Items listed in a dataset
════════
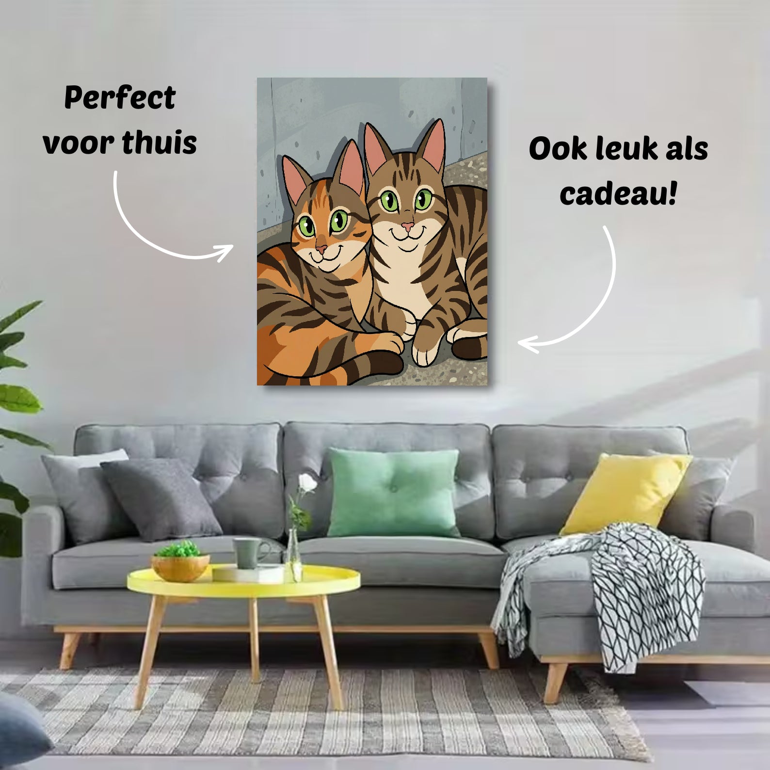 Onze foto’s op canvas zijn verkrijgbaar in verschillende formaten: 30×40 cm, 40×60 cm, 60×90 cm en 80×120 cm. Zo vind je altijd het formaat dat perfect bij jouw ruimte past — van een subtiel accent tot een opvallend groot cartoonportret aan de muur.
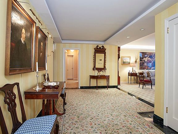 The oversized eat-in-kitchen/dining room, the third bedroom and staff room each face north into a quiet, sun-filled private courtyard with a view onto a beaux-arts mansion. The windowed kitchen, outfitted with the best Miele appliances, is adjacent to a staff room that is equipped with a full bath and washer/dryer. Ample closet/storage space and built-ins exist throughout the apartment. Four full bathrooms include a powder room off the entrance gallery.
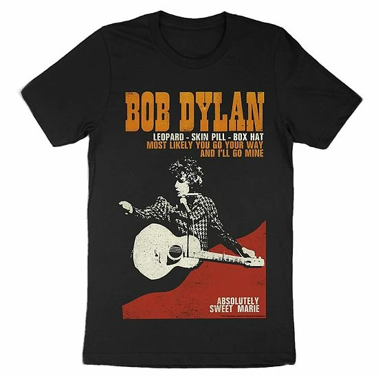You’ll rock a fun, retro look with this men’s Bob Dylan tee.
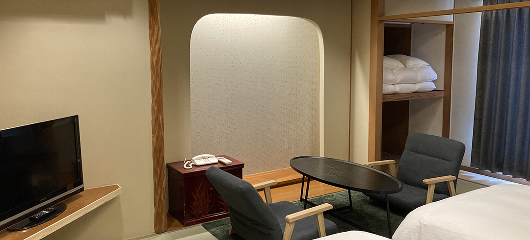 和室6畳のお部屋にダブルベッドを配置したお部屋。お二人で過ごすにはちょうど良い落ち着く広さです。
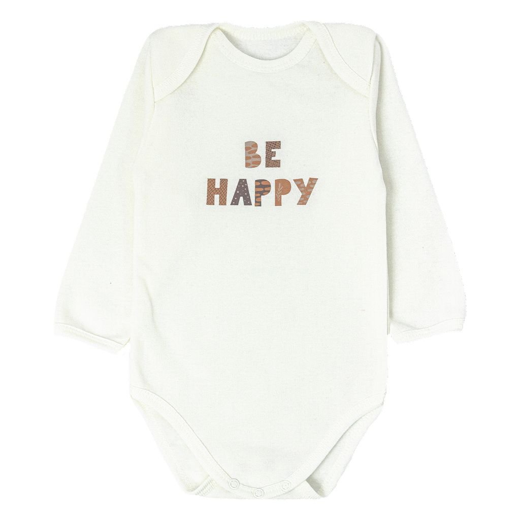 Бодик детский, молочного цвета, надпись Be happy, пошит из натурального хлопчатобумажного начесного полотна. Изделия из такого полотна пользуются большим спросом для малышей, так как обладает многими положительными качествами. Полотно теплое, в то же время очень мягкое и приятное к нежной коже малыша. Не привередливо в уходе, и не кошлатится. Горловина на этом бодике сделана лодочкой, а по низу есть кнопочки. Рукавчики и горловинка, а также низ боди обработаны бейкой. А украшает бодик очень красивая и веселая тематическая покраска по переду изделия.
════════
#### REQUIRED WORK:
The copy should begin at the line containing "和室6畳のお部屋にダブルベッ" and end at the last line of the data above; please restate those lines word for word without the pictures.

#### WRITTEN ANSWER:
 和室6畳のお部屋にダブルベッドを配置したお部屋。お二人で過ごすにはちょうど良い落ち着く広さです。
 Бодик детский, молочного цвета, надпись Be happy, пошит из натурального хлопчатобумажного начесного полотна. Изделия из такого полотна пользуются большим спросом для малышей, так как обладает многими положительными качествами. Полотно теплое, в то же время очень мягкое и приятное к нежной коже малыша. Не привередливо в уходе, и не кошлатится. Горловина на этом бодике сделана лодочкой, а по низу есть кнопочки. Рукавчики и горловинка, а также низ боди обработаны бейкой. А украшает бодик очень красивая и веселая тематическая покраска по переду изделия.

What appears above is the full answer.